_Data below_
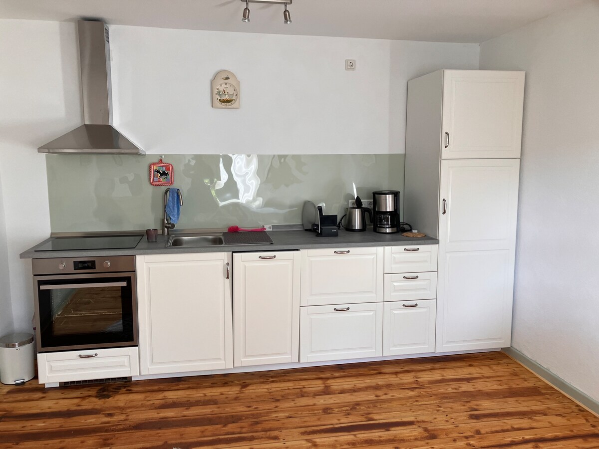 Ob mit dem Fahrrad den Vogelsberg erkunden, die schönsten Fachwerk Städte besuchen, die Natur im Vogelsberg genießen, oder nach einem Arbeitstag in der Gegend ausspannen-hier ist es möglich. Frisch renoviert und sehr hochwertig ausgestattet. Die Küchenschränke + Kühlschrank sind gefüllt, siehe Bilder. Sie müssen nicht unbedingt einkaufen gehen. Abrechnung des 'Verbrauchs' nach eigenem Ermessen, keine 'Minibar Konditionen'. Der Miele Waschtrockner erledigt kleine Wäsche (3kg) in einem Durchlauf
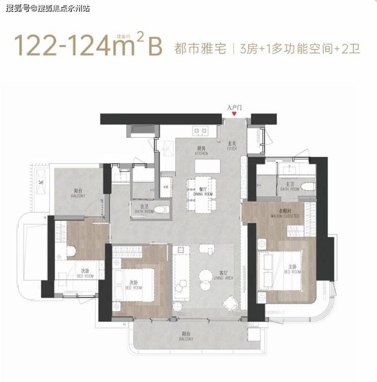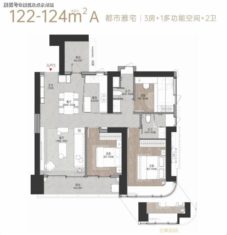 建面约122-125㎡3+1 房两厅两卫(A/B/C户型)
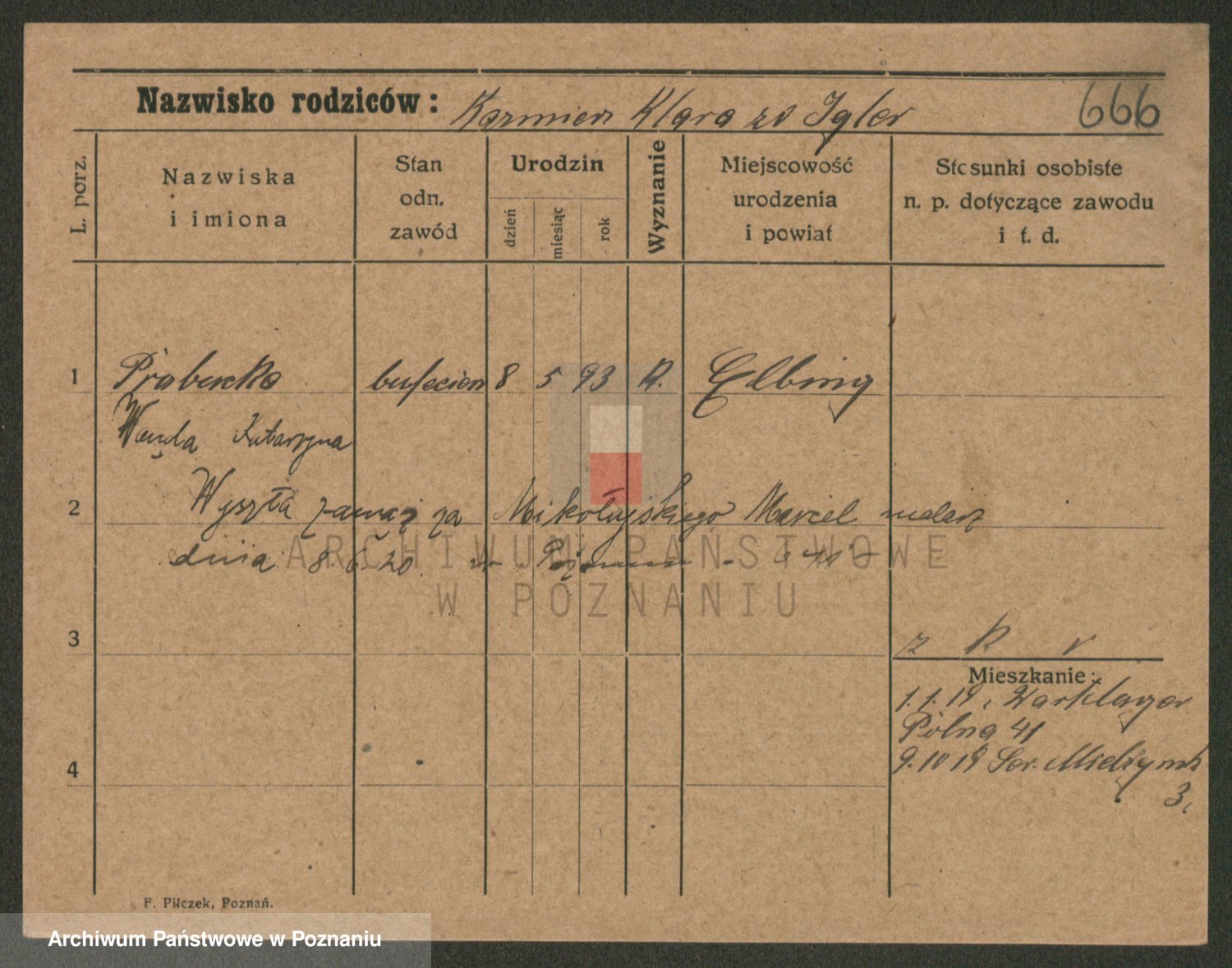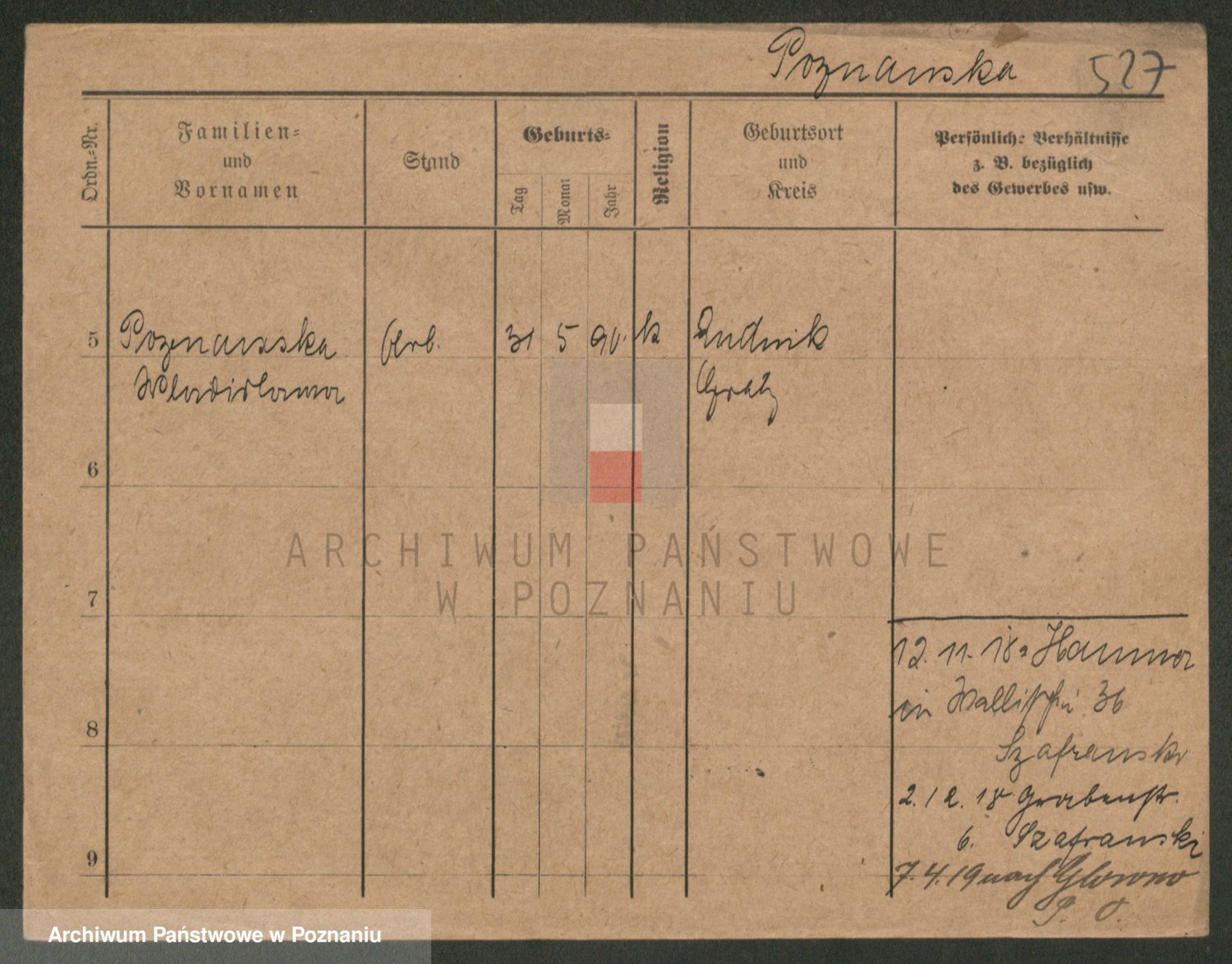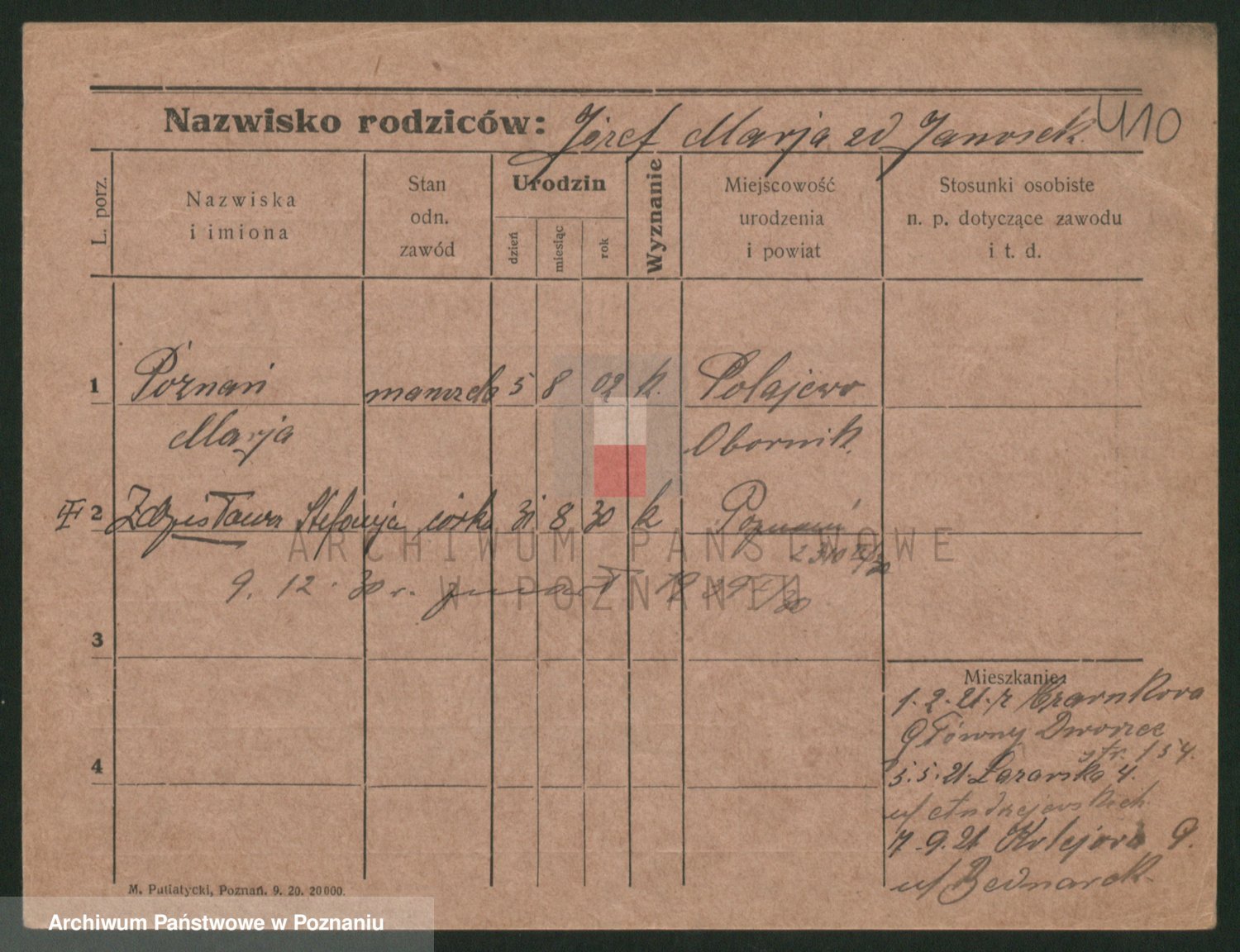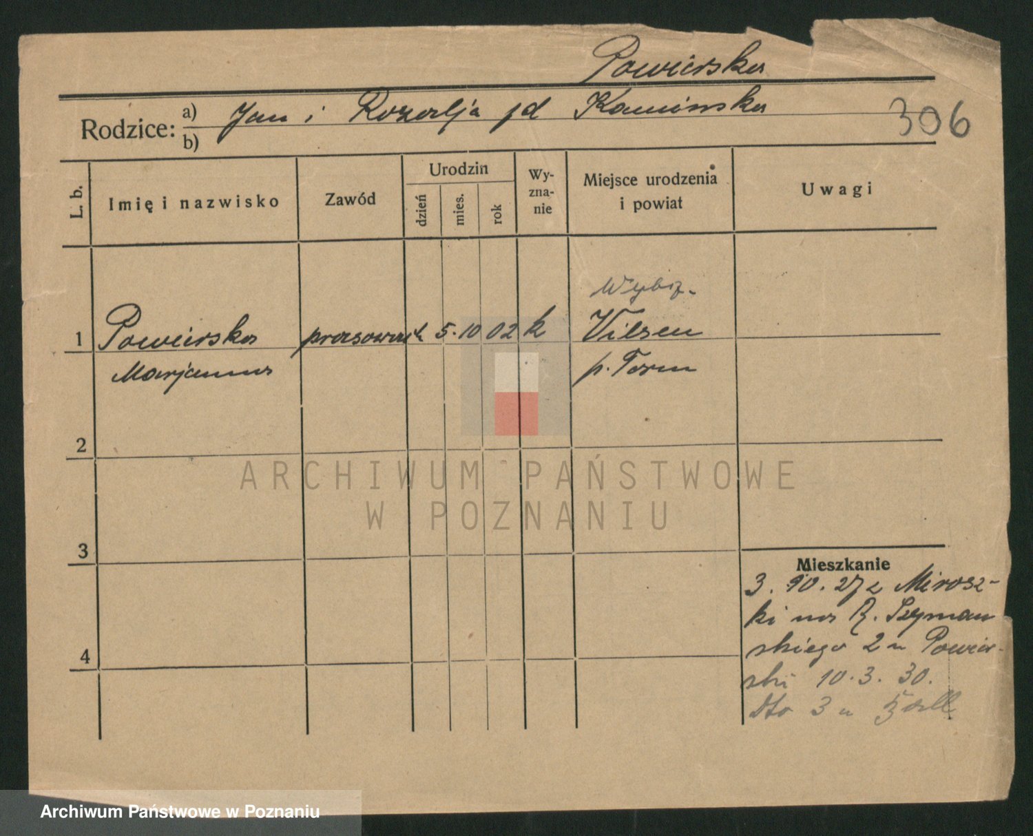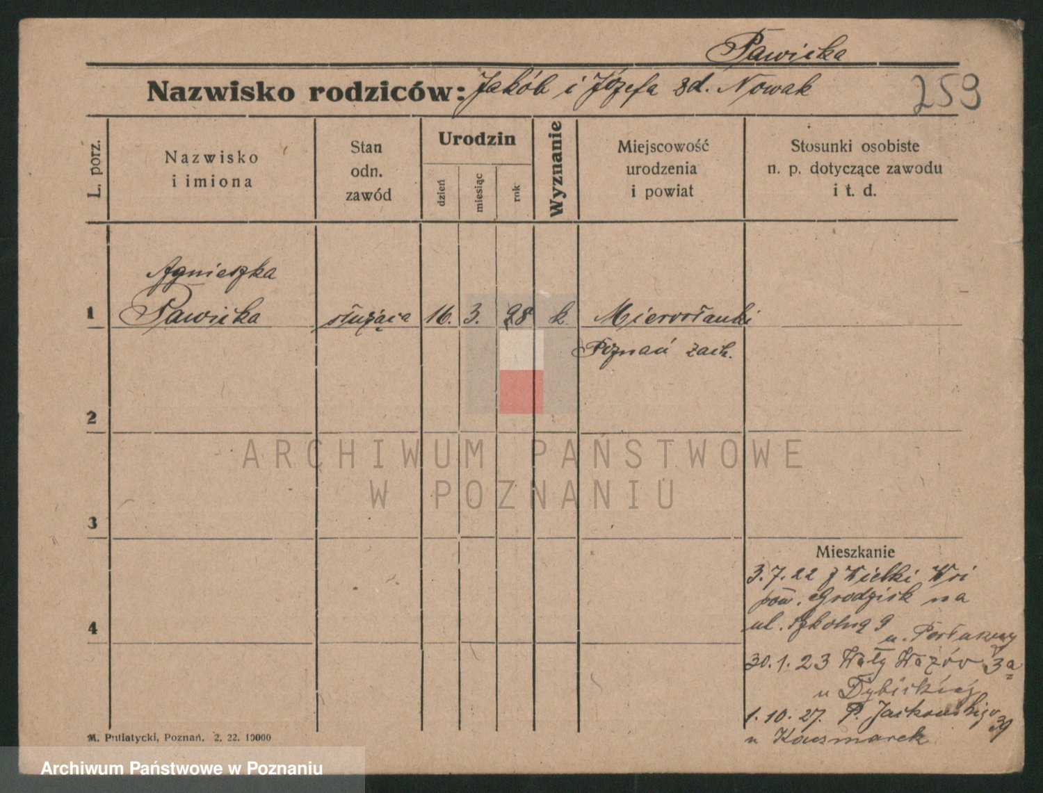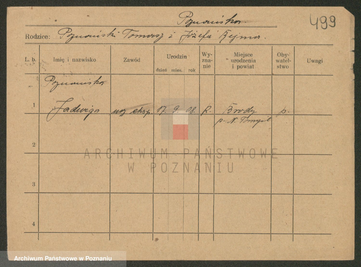Podgląd karty osobowej dostępny jest po kliknięciu na nazwisko lub ikonkę karty. Można dokonywać powiększenia (ikony na górze) lub przechodzić między kolejnymi skanami (strzałki po bokach).

_What the task asks_
Make an exact copy of the listing above, omitting the pictures.

_Written response_
 Ob mit dem Fahrrad den Vogelsberg erkunden, die schönsten Fachwerk Städte besuchen, die Natur im Vogelsberg genießen, oder nach einem Arbeitstag in der Gegend ausspannen-hier ist es möglich. Frisch renoviert und sehr hochwertig ausgestattet. Die Küchenschränke + Kühlschrank sind gefüllt, siehe Bilder. Sie müssen nicht unbedingt einkaufen gehen. Abrechnung des 'Verbrauchs' nach eigenem Ermessen, keine 'Minibar Konditionen'. Der Miele Waschtrockner erledigt kleine Wäsche (3kg) in einem Durchlauf
 建面约122-125㎡3+1 房两厅两卫(A/B/C户型)
Podgląd karty osobowej dostępny jest po kliknięciu na nazwisko lub ikonkę karty. Można dokonywać powiększenia (ikony na górze) lub przechodzić między kolejnymi skanami (strzałki po bokach).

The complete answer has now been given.